[[ Entries shown open ]]

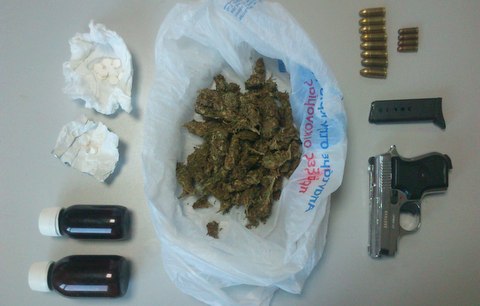 Ένα πιστόλι με γεμιστήρα, δώδεκα φυσίγγια διαφόρων τύπων, δύο μπουκάλια, τα οποία περιείχαν μεθαδόνη, συνολικού καθαρού βάρους 126,5 γραμμαρίων, μία σακούλα, η οποία περιείχε ακατέργαστη κάνναβη, σε μορφή αποξηραμένων φύλλων, μεικτού βάρους 50 γραμμαρίων και εννέα ναρκωτικά χάπια.
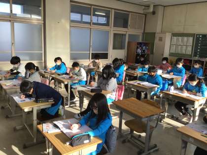 学力テストに向けて問題集に取り組んでいます。 集中して取り組んでいます。
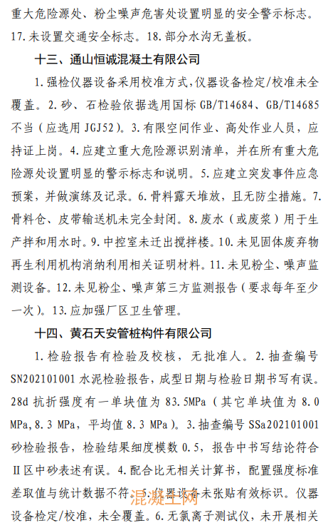 關于2021年全省預拌混凝土(砂漿)企業日常管理及綠色生產巡查情況的通報
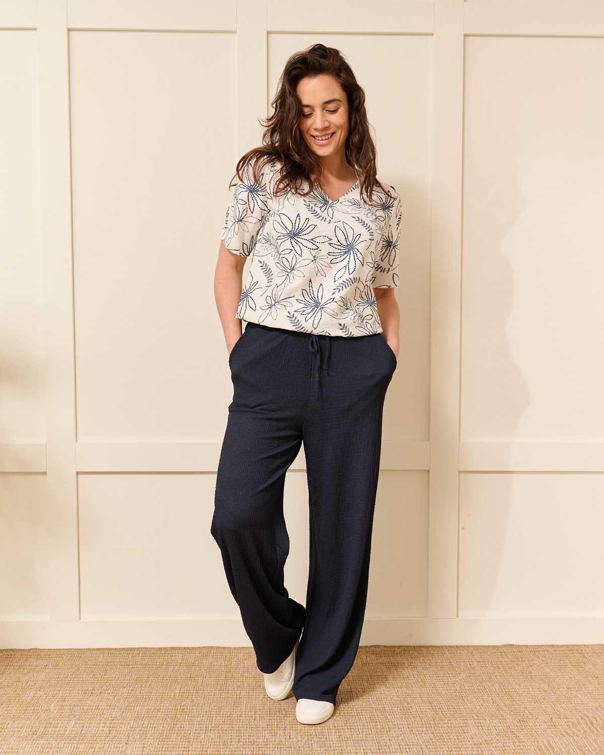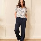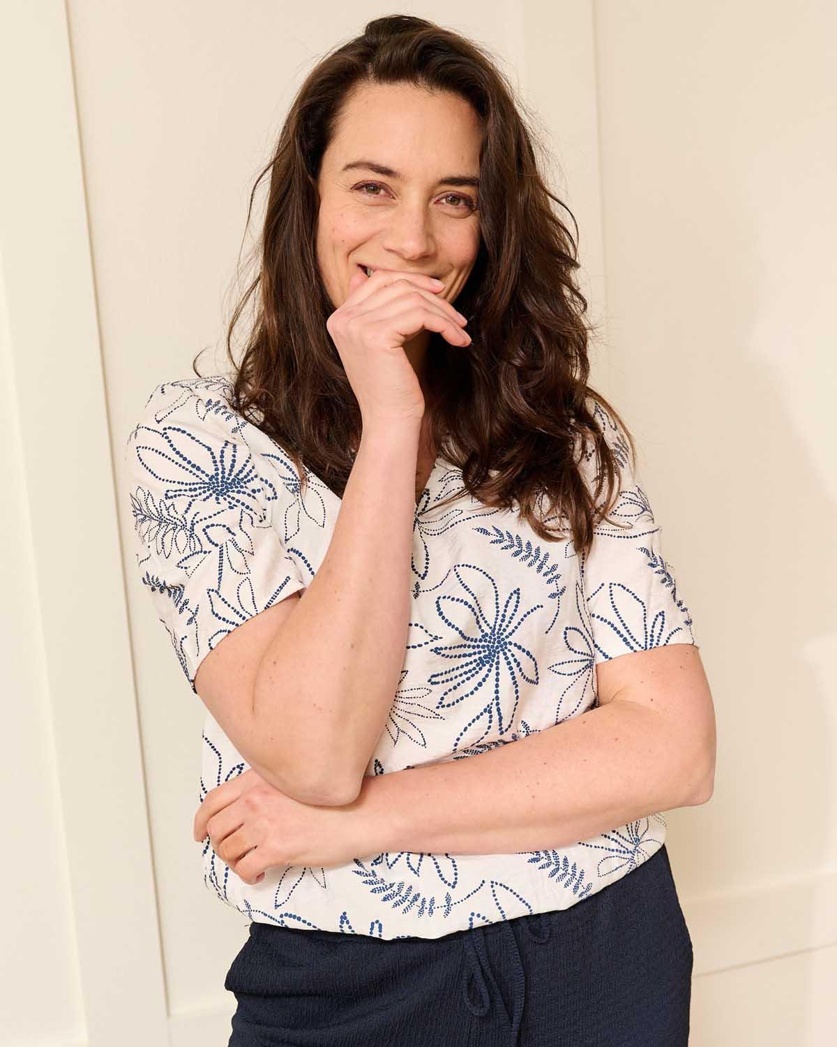 De Vivi blouson in Off-white met navy bloemen puff dessin heeft een klassieke en veelzijdige uitstraling. De losvallende pasvorm zorgt voor een comfortabele en vrouwelijke look die soepel om je heen valt. De Off-white kleur geeft een frisse en lichte uitstraling die perfect past bij zonnige dagen. Deze zachte tint laat het bloemen dessin subtiel spreken en zorgt voor een elegante look. De korte mouwen en elegante V-hals geven een flatterend effect. Verkrijgbaar in meerdere kleuren zoals Off-white, Geel, Reseda, Licht-blauw, Roze, Navy, Beige en Camel. De combinatie van Vivi, Off-white en bloemen dessin maakt deze uitvoering uniek binnen de collectie.
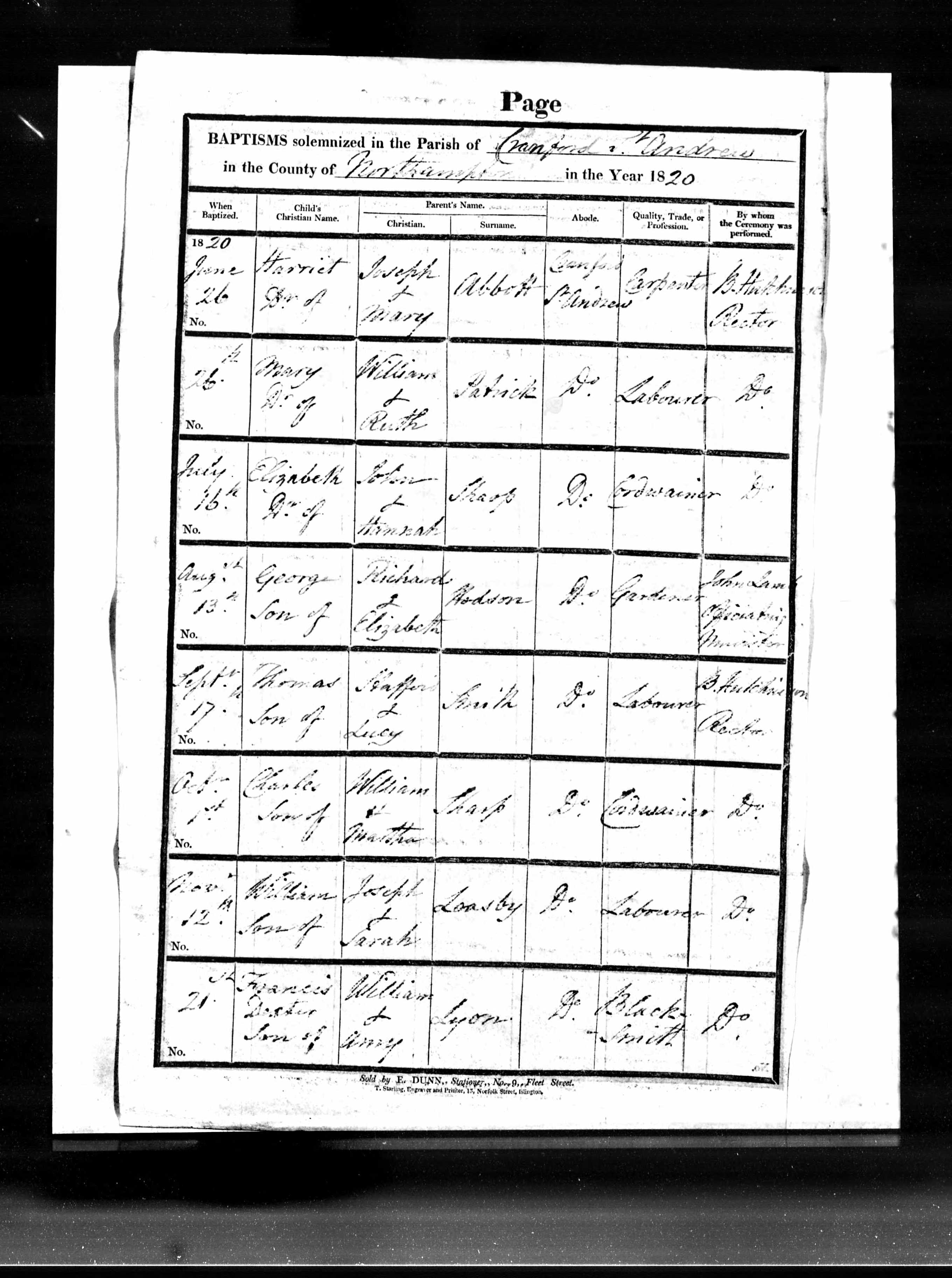 - John Sharp★ had occupation recorded as cordwainer on 16 Jul, 1820

[[ Entries shown closed ]]

__What the task asks__:
Output only the lines running from the one containing "学力テストに向けて問題集に取り組んでいます。 集中して取り組んでいます。" to the end of the records, inclusive and exact; skip the pictures.

__The answer__:
 学力テストに向けて問題集に取り組んでいます。 集中して取り組んでいます。
 關于2021年全省預拌混凝土(砂漿)企業日常管理及綠色生產巡查情況的通報
 De Vivi blouson in Off-white met navy bloemen puff dessin heeft een klassieke en veelzijdige uitstraling. De losvallende pasvorm zorgt voor een comfortabele en vrouwelijke look die soepel om je heen valt. De Off-white kleur geeft een frisse en lichte uitstraling die perfect past bij zonnige dagen. Deze zachte tint laat het bloemen dessin subtiel spreken en zorgt voor een elegante look. De korte mouwen en elegante V-hals geven een flatterend effect. Verkrijgbaar in meerdere kleuren zoals Off-white, Geel, Reseda, Licht-blauw, Roze, Navy, Beige en Camel. De combinatie van Vivi, Off-white en bloemen dessin maakt deze uitvoering uniek binnen de collectie.
 - John Sharp★ had occupation recorded as cordwainer on 16 Jul, 1820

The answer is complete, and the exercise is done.